Recent Business Highlights - Communications

  • IDT Introduces New High-Performance Synthesizer, Delivering Ultra-Low Phase Jitter for Serial Data Communications
  • IDT's Universal Frequency Translator Wins Elektra Award for Best Digital Product of the Year
  • IDT Expands VersaClock 5 Family with Six New Products, Delivering Best-in-Class Jitter Performance in Cost-Effective Configurations
  • IDT Introduces High-Performance Crystal Oscillators with Best-in-Class Jitter Performance, Low Cost and Short Production Lead Times
  • IDT Announces New Internally Matched Broadband RF VGA with Ultra-High Linearity

Recent Business Highlights - Consumer

  • IDT Introduces New Family of Highly Efficient Wireless Power Transmitters, Targeting the Expanding Ecosystem of Wireless Charging Applications
  • IDT Wireless Power Chips Used for State-of-the-Art ‘Cube' Remote Control

Recent Business Highlights - Computing

  • IDT Surpasses Milestone of 3 Million Low-Power PCIe Gen3 Buffers Shipped
  • IDT, Orange Silicon Valley, NVIDIA Accelerate Computing Breakthrough with RapidIO-based Clusters Ideal for Gaming, Analytics
  • IDT Launches RapidIO 40-100 Gbps Interface Portfolio, Reducing Latency and Boosting Bandwidth for Communications and Computing

The following highlights the Company's financial performance on both a GAAP and supplemental non-GAAP basis. The Company is pursuing the divestiture of its high speed data converter business and is in active discussions with potential buyers. For financial statement purposes, the high speed data converter business is classified as assets held for sale and is treated as discontinued operations for all periods presented. IDT has excluded results from the high speed data converter business from current and historical non-GAAP results. The Company provides supplemental information regarding its operating performance on a non-GAAP basis that excludes certain gains, losses and charges which occur relatively infrequently and which management considers to be outside our core operating results. Non-GAAP results are not in accordance with GAAP and may not be comparable to non-GAAP information provided by other companies. Non-GAAP information should be considered a supplement to, and not a substitute for, financial statements prepared in accordance with GAAP. A complete reconciliation of GAAP to non-GAAP results from continuing operations is attached to this press release.

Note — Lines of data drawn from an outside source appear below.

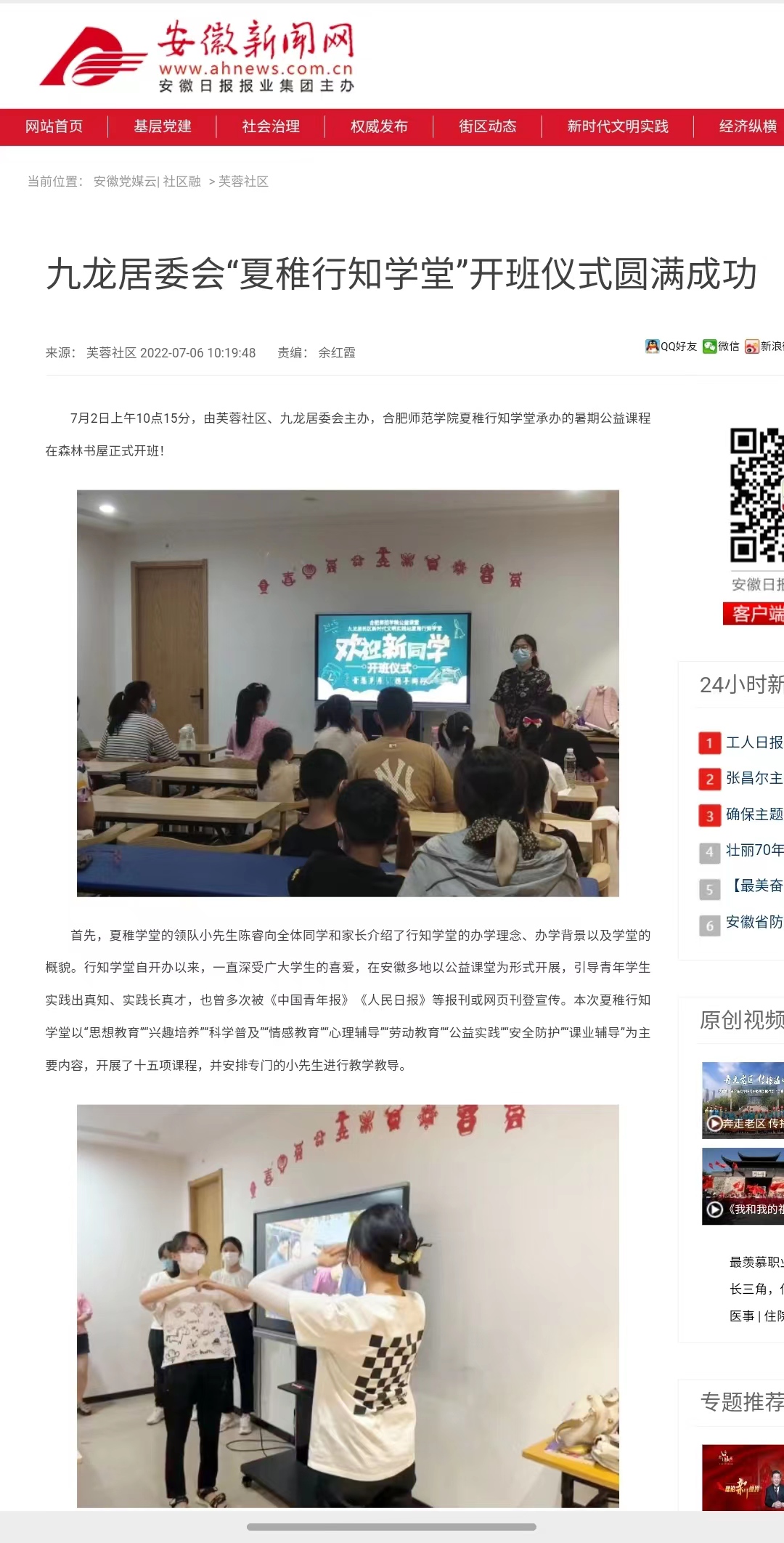 7月2日,黄色片免费看九龙社区“夏稚行知学堂”开班仪式圆满完成。芙蓉社区九龙居委会负责人,森林树屋负责人,“夏稚行知学堂”指导老师,学堂小先生,小学员及其家长共计约40余人参加此次活动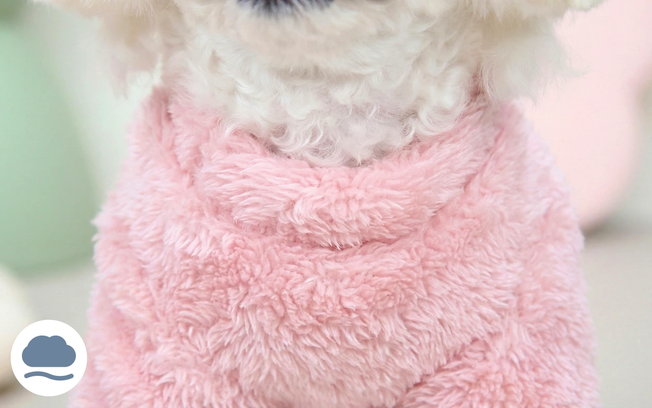 Teplý, jemný overal, který se snadno přetahuje přes tlapky.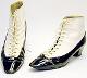 Suippokärkiset, korolliset nilkkakengät, joissa alaosa ja korko on mustaa lakeria. Yläosa säärystimen omaisesti valkoista muovia. Edessä tiheä metallihakasrivistö, ohut kengännauha, sisäläppä. Nahkavuori ja huopapohja. Pohja muovia.

  • Revenue from continuing operations for the fiscal third quarter of 2015 was $151.2 million, compared with $137.1 million reported last quarter, and $124.6 million reported in the same period one year ago.
  • GAAP net income from continuing operations for the fiscal third quarter of 2015 was $32.8 million, or $0.21 per diluted share, versus GAAP net income from continuing operations of $24.2 million or $0.16 per diluted share last quarter, and a GAAP net income from continuing operations of $17.3 million or $0.11 per share in the same period one year ago. Fiscal third quarter 2015 GAAP results include $1.3 million expense relating to amortization of intangible assets, $5.9 million in stock-based compensation expense, $0.1 million in other restructuring related charges, and $1.5 million benefit in related tax effects.
  • Non-GAAP net income for the fiscal third quarter of 2015 was $38.7 million or $0.25 per diluted share, compared with non-GAAP net income of $31.8 million or $0.20 per diluted share last quarter, and non-GAAP net income of $25.9 million or $0.17 per diluted share reported in the same period one year ago.
  • GAAP gross profit from continuing operations for the fiscal third quarter of 2015 was $91.4 million, or 60.4 percent, compared with GAAP gross profit of $81.9 million or 59.7 percent last quarter, and $74.9 million, or 60.1 percent, reported in the same period one year ago. Non-GAAP gross profit for the fiscal third quarter of 2015 was $93.0 million, or 61.5 percent, compared with non-GAAP gross profit of $83.9 million, or 61.2 percent last quarter, and $77.8 million, or 62.4 percent, reported in the same period one year ago.
  • GAAP R&D expense for the fiscal third quarter of 2015 was $32.8 million, compared with GAAP R&D expense of $30.7 million last quarter, and $31.1 million reported in the same period one year ago. Non-GAAP R&D expense for the fiscal third quarter of 2015 was $29.7 million, compared with non-GAAP R&D expense of $28.2 million last quarter, and $29.3 million in the same period one year ago.
  • GAAP SG&A expense for the fiscal third quarter of 2015 was $27.2 million, compared with GAAP SG&A expense of $26.8 million last quarter, and $23.7 million in the same period one year ago. Non-GAAP SG&A expense for the fiscal third quarter of 2015 was $23.9 million, compared with non-GAAP SG&A expense of $23.3 million last quarter, and $21.1 million in the same period one year ago.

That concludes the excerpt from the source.